Tomada por Ivón Fernanda Almonacid 


      Vivimos en una época de alucinación y de frenesí colectivo, y los sentimientos y las ideas se cruzan como ráfagas contrapuestas en una noche de tempestad. Si, como se creía antaño, la literatura de un pueblo no solo contribuye a formarlo, dándole unidad por la lengua y el espíritu, sino que a la vez lo refleja en lo que es en él la esencia, lo duradero, no ha de sorprendernos que nuestra poesía y nuestra novela de mañana, de ahora mismo, sean dadaístas. 

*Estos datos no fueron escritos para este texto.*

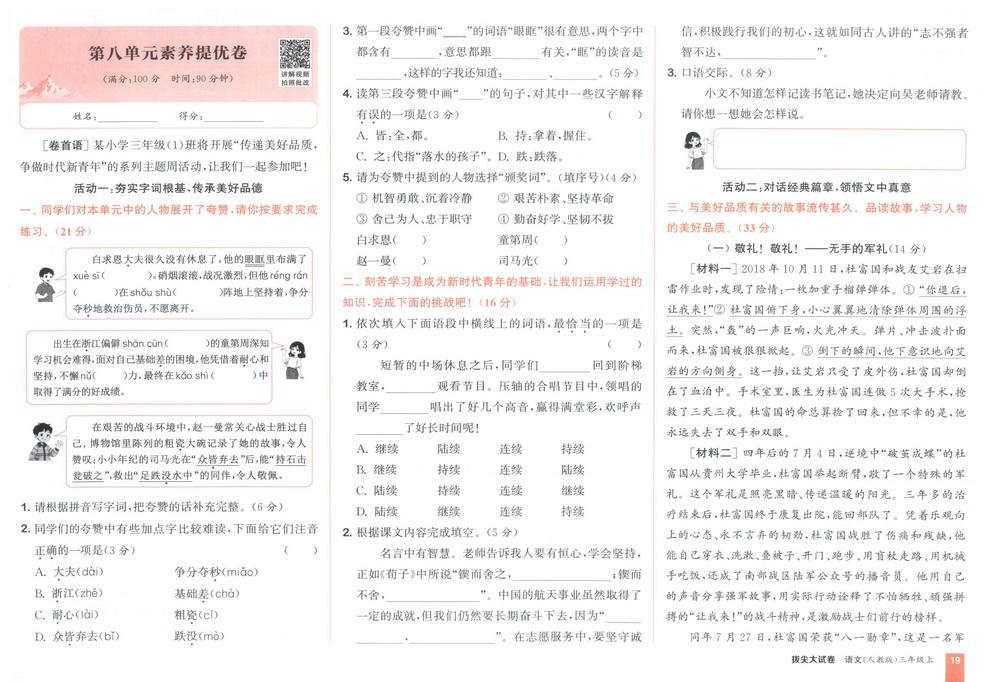 新教材人教版三年级上册语文第八单元测试卷十九video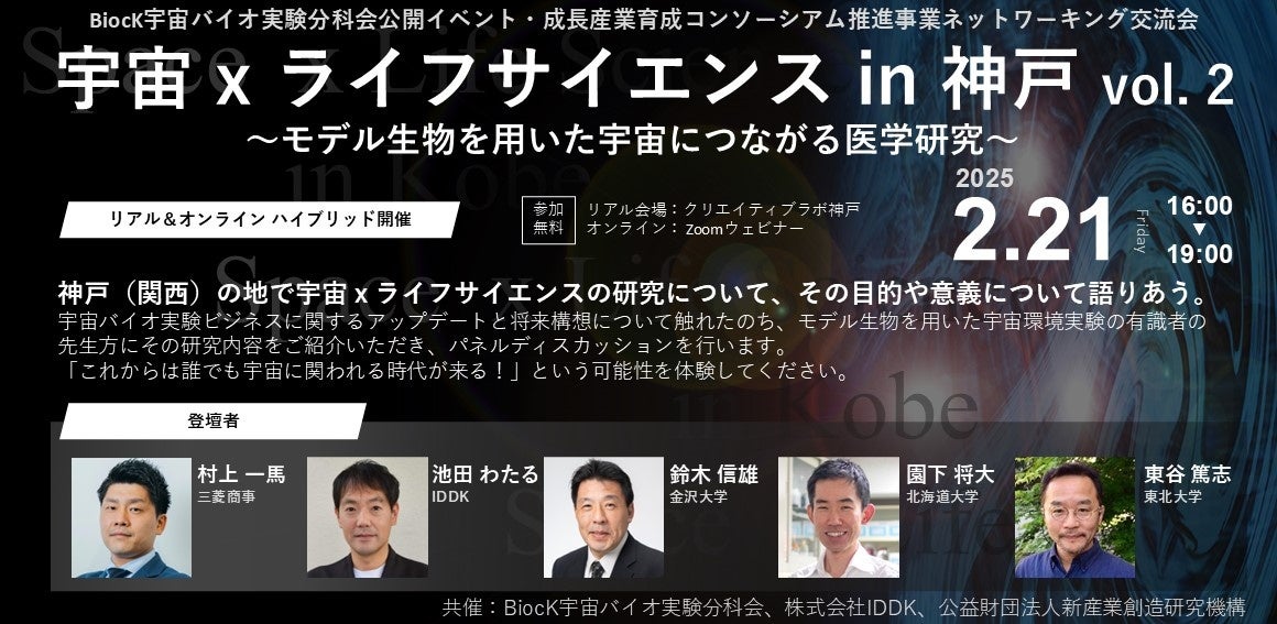 宇宙 x ライフサイエンス in 神戸 vol. 2(BiocK宇宙バイオ実験分科会公開イベント・成長産業育成コンソーシアム推進事業ネットワーキング交流会)を開催いたします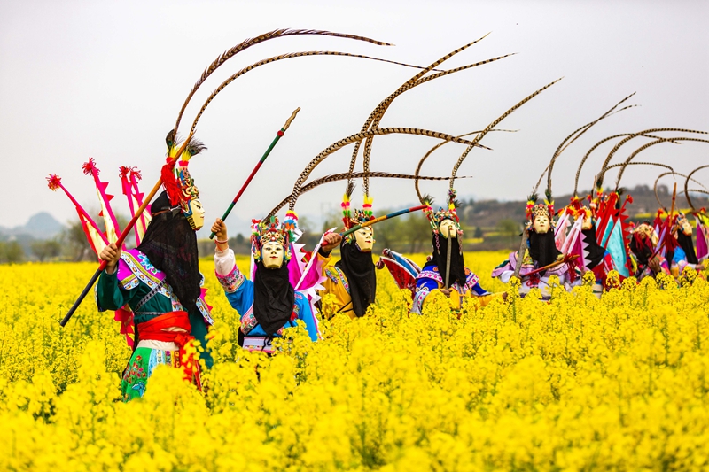 3月17日,地戏艺人在贵州省安顺市西秀区大西桥镇狗场屯村油菜花田为前来赏春的游客表演地戏。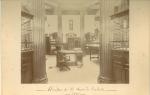 | Vista de las bóvedas del Banco de Coahuila en 1903. Se observa al fondo la puerta abierta de la bóveda y encima un reloj. A los lados dos armarios con papelería y al frente un escritorio y un cesto de basura. |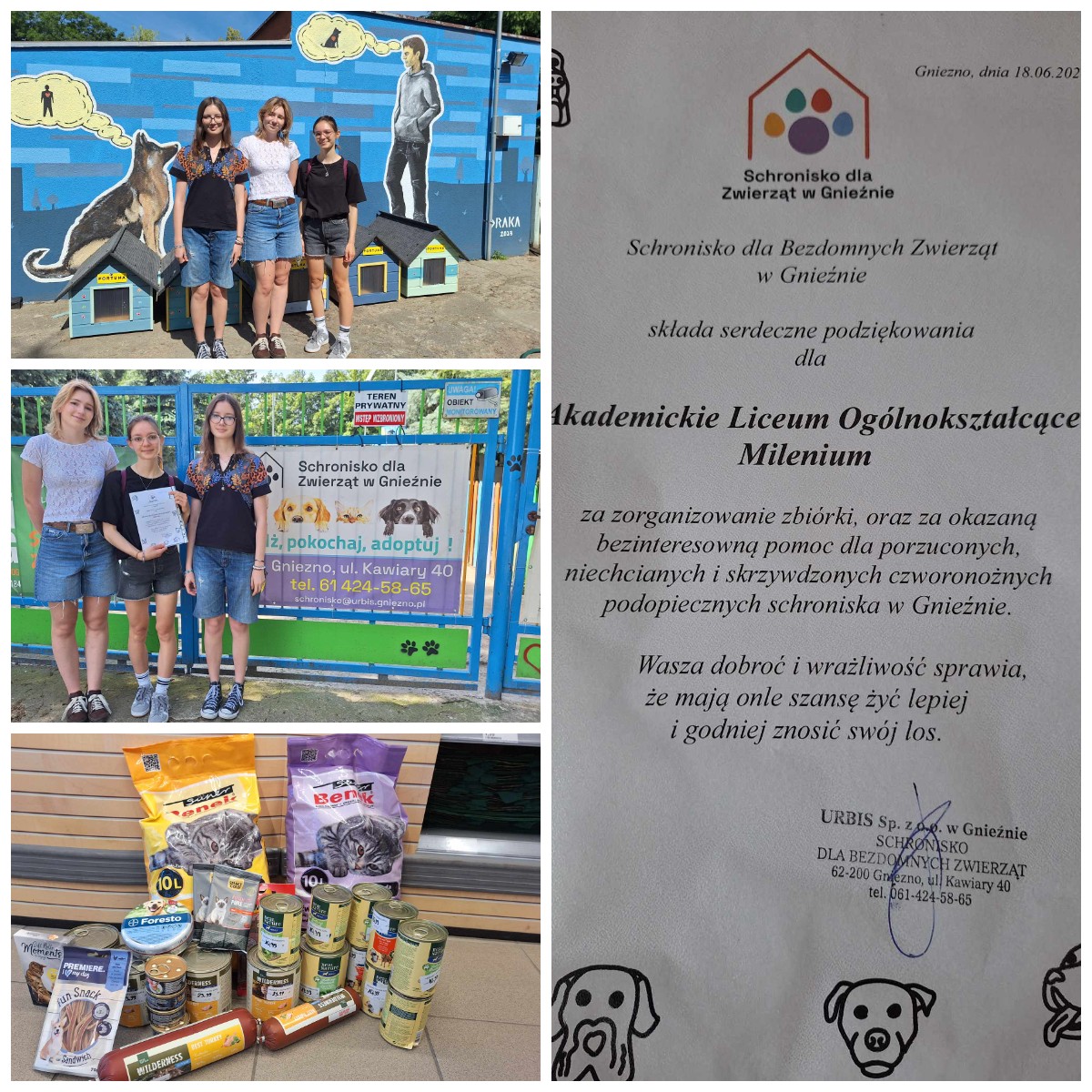 Gazetka szkolna „Sokół Milenium” po raz kolejny wsparła Schronisko dla Zwierząt w Gnieźnie. Redakcja wzorem ubiegłych lat całość kwoty ze sprzedaży gazetki w roku szkolnym 2023/2024 przekazała na pomoc czworonogom.

      Aquí todos estamos dadaístas. Se inicia una campaña en favor de la higienización de México, dizque para raer la concha de lepra que ciñe los palacios ilustres, y el súbito resultado de ese movimiento es la aparición de los mataperros. Y ni en los ritos magiares, en que la posesión de la tierra no se hace sagrada sino derramando sobre los terrones removidos la sangre de un animal, a latigazos de muerte; no, en ningún tiempo se ha visto más lúgubre. 

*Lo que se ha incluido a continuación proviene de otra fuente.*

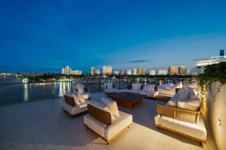 Step Inside With Me! Debuting this bayfront penthouse at the newly constructed Onda Residences in Bay Harbor Islands. Offering a boutique lifestyle, this two-story sky home showcases 5 bedrooms + office and media room across 5,073 SF of interiors per developer floor plan. A private foyer opens to the sunlit grand living room, where floor-to-ceiling glass frame sweeping blue water views. The Miele-appointed kitchen features an expansive eat-in island accented by white oak and a bright dining area. The spacious primary suite showcases a marble-draped bath with a spacious dressing room including a vanity area. Outdoors, find 2,126 SF of terraces crowned by a private rooftop plunge pool + sun deck ideal for al fresco entertaining. Privacy, panoramic vistas, & resort-caliber amenities define this exceptional Bay Harbor Islands retreat—just minutes from Bal Harbour Shops. Inquire for dock availability.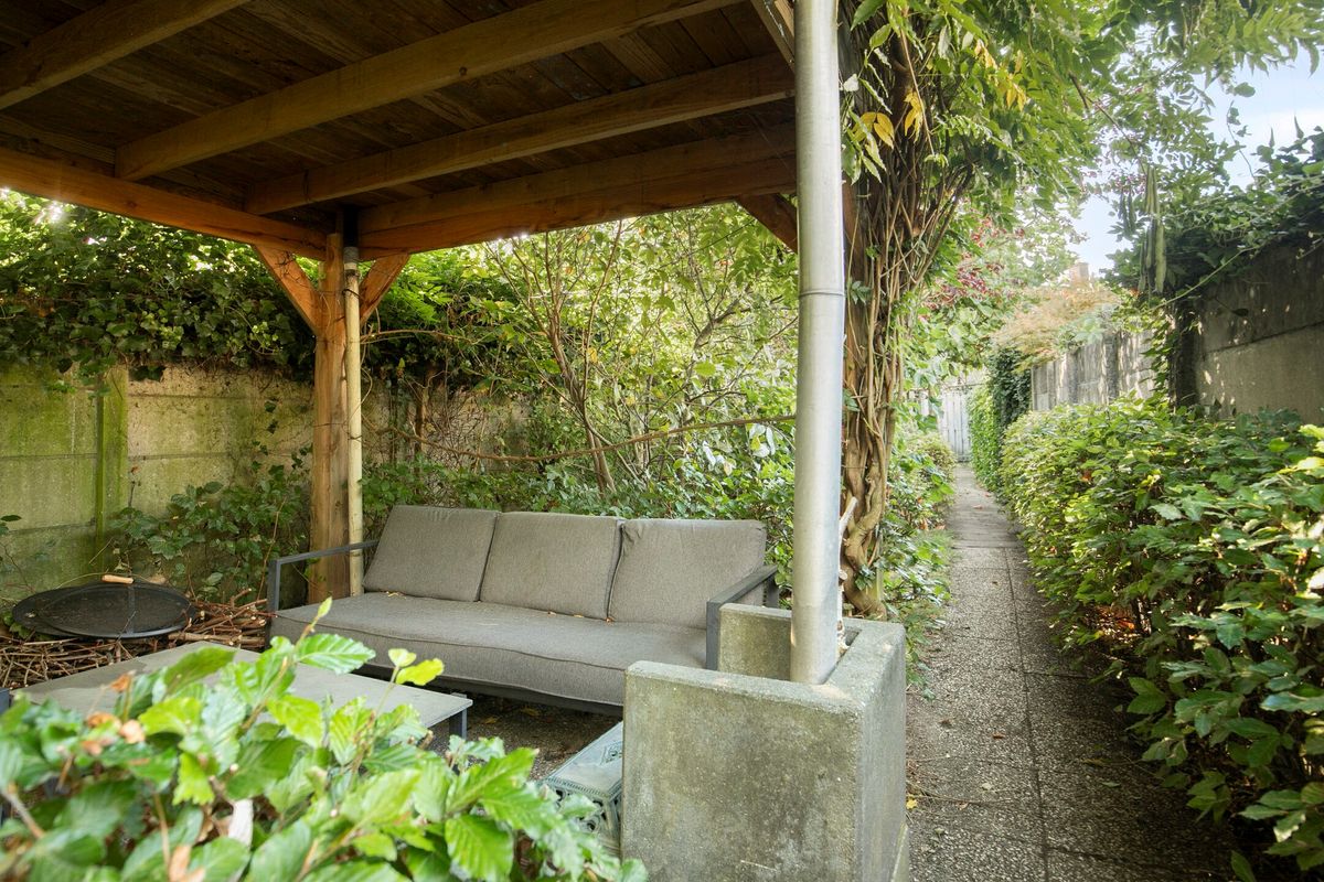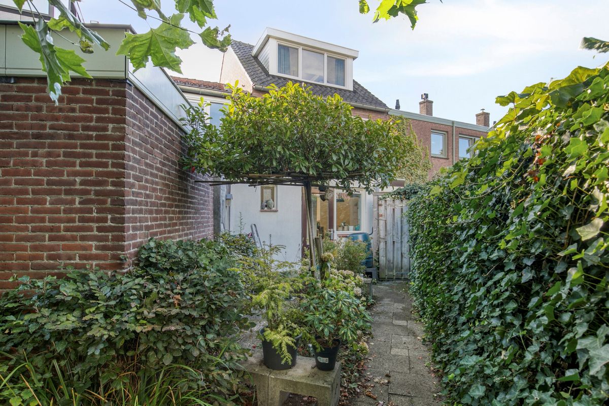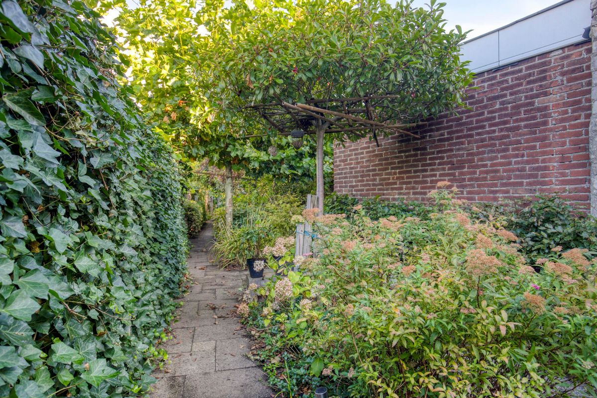• De zeer diepe achtertuin is groen van opzet met veel planten, struiken, (lei)bomen en hagen. Hier zou je niet zeggen dat je midden in het centrum woont, met zoveel tuin en groen. Halverwege in de tuin nog een overkapping en een stenen berging (halfsteens uitgevoerd).

       Junto  los mansos ojos de los perros, donde un alma delicada no puede hallar sino misteriosos reflejos, y junto a sus dientes, que recuerdan a Jesucristo, según la parábola tolstoiana, "una hilera de perlas" - los empleados de la policía, que han de instituir la higiene pública en esta ciudad, parecen hienas: lo que hay en la entraña de la bestia humana, el ímpetu de herir y de gozarse en el dolor, la sevicia, todo se reveló ahí. Cuando los garrotes caían sobre las cabezas de las inermes bestias, en el sacrificio feroz y horrible, hubiera podido verse en los ojos de los mataperros algo como un brillar de espadas revolucionaras. ¡Rodolfo Fierro huiría con sus hombres!

        La iniquidad hirió una fibra del corazón indiferente de México, y he aquí a la prensa blandiendo sus arcangélicas espadas en defensa de los perros. Diríase que los reporteros y editorialistas evocan la memoria de aquel pequeño Pelleas, cuya muerte constituye para el filósofo "una pequeña luz entre las sombras"; dijérase que Cipión y Berganza no son ya imaginaciones, sino carne y huesos que andan y que acaso escriben para los diarios matinales...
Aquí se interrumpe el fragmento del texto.